▸ **Problem**
Retype each line below precisely and omit all images.

▸ **Supplied data**
--

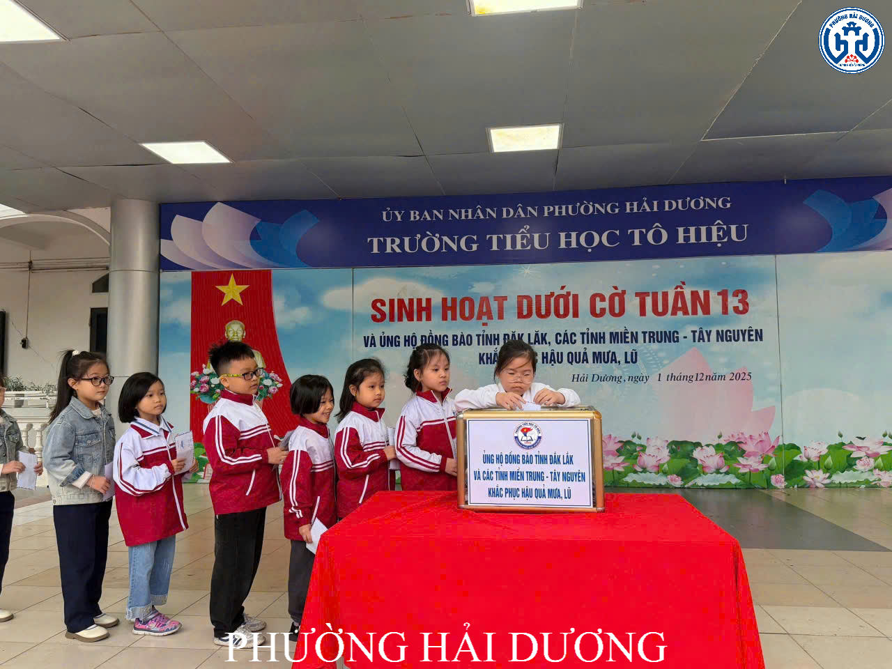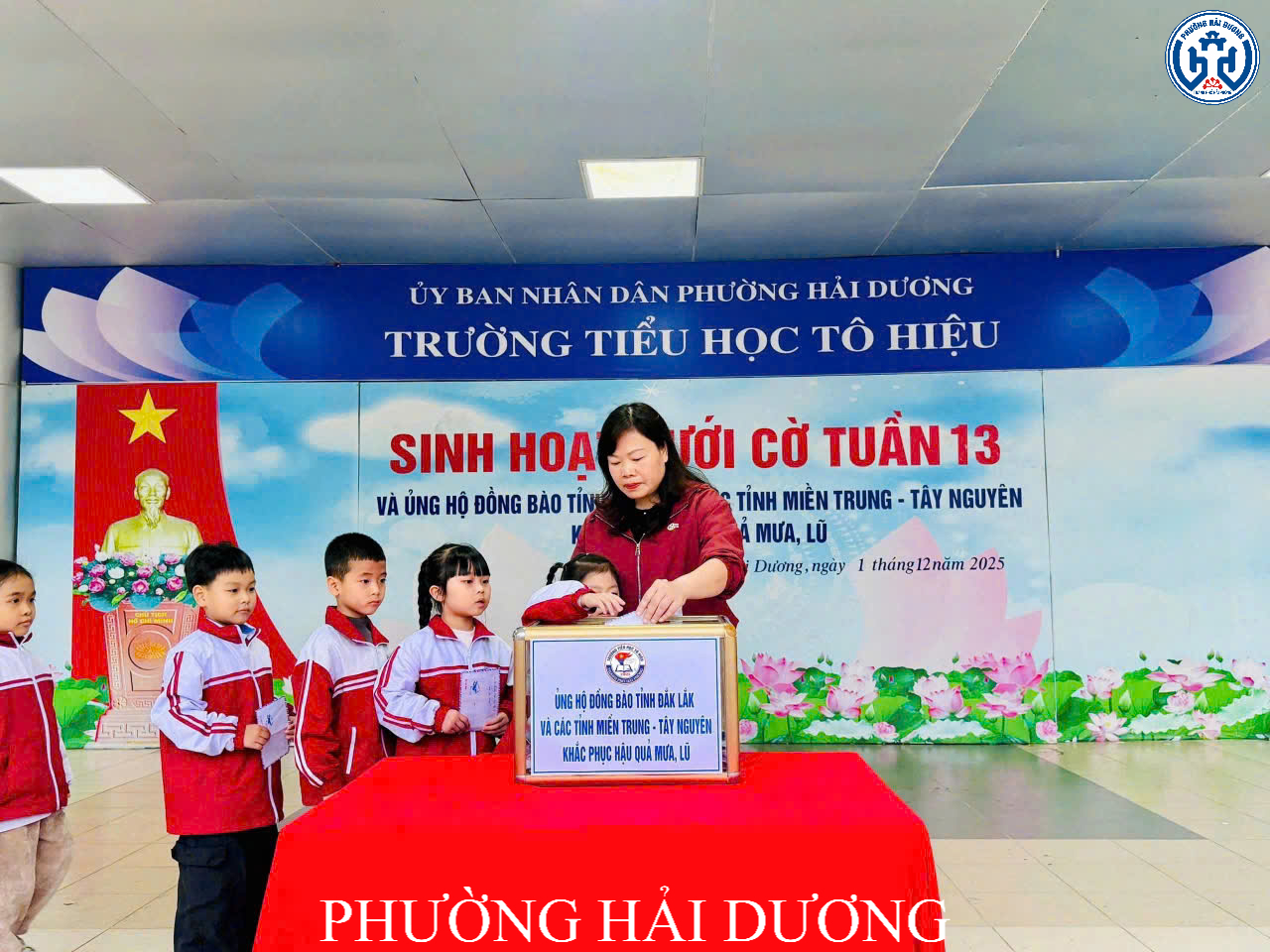 Sáng ngày 1/12, Trường Tiểu học Tô Hiệu phường Hải Dương tổ chức buổi sinh hoạt dưới cờ đặc biệt với chủ đề “Ấm áp tình yêu thương”. Điểm nhấn của buổi sinh hoạt là hoạt động quyên góp ủng hộ đồng bào tỉnh Đắk Lắk và các địa phương miền Trung, Tây Nguyên khắc phục hậu quả mưa lũ.
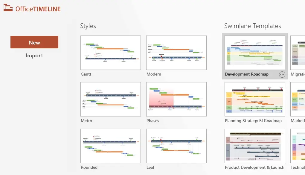 Office Timeline — это надстройка для PowerPoint, позволяющая быстро создавать профессиональные временные шкалы и диаграммы Ганта. Программа интегрируется в интерфейс Microsoft PowerPoint, обеспечивая удобный доступ к шаблонам, настройкам стиля и автоматизированному формированию графиков. Работа с данными упрощена благодаря интуитивному мастеру, который проводит пользователя через все этапы создания визуализации проекта.
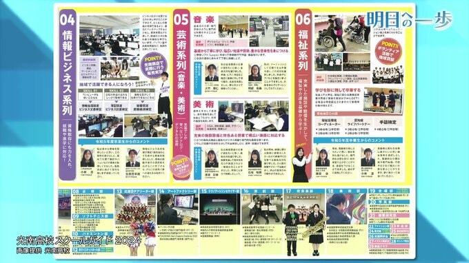 社会に貢献する人材の育成を目指し、専門性の高い様々な授業があるのが特徴で、生徒一人一人の個性を伸ばす教育を推進。

--

▸ **Solved exercise**
 Sáng ngày 1/12, Trường Tiểu học Tô Hiệu phường Hải Dương tổ chức buổi sinh hoạt dưới cờ đặc biệt với chủ đề “Ấm áp tình yêu thương”. Điểm nhấn của buổi sinh hoạt là hoạt động quyên góp ủng hộ đồng bào tỉnh Đắk Lắk và các địa phương miền Trung, Tây Nguyên khắc phục hậu quả mưa lũ.
 Office Timeline — это надстройка для PowerPoint, позволяющая быстро создавать профессиональные временные шкалы и диаграммы Ганта. Программа интегрируется в интерфейс Microsoft PowerPoint, обеспечивая удобный доступ к шаблонам, настройкам стиля и автоматизированному формированию графиков. Работа с данными упрощена благодаря интуитивному мастеру, который проводит пользователя через все этапы создания визуализации проекта.
 社会に貢献する人材の育成を目指し、専門性の高い様々な授業があるのが特徴で、生徒一人一人の個性を伸ばす教育を推進。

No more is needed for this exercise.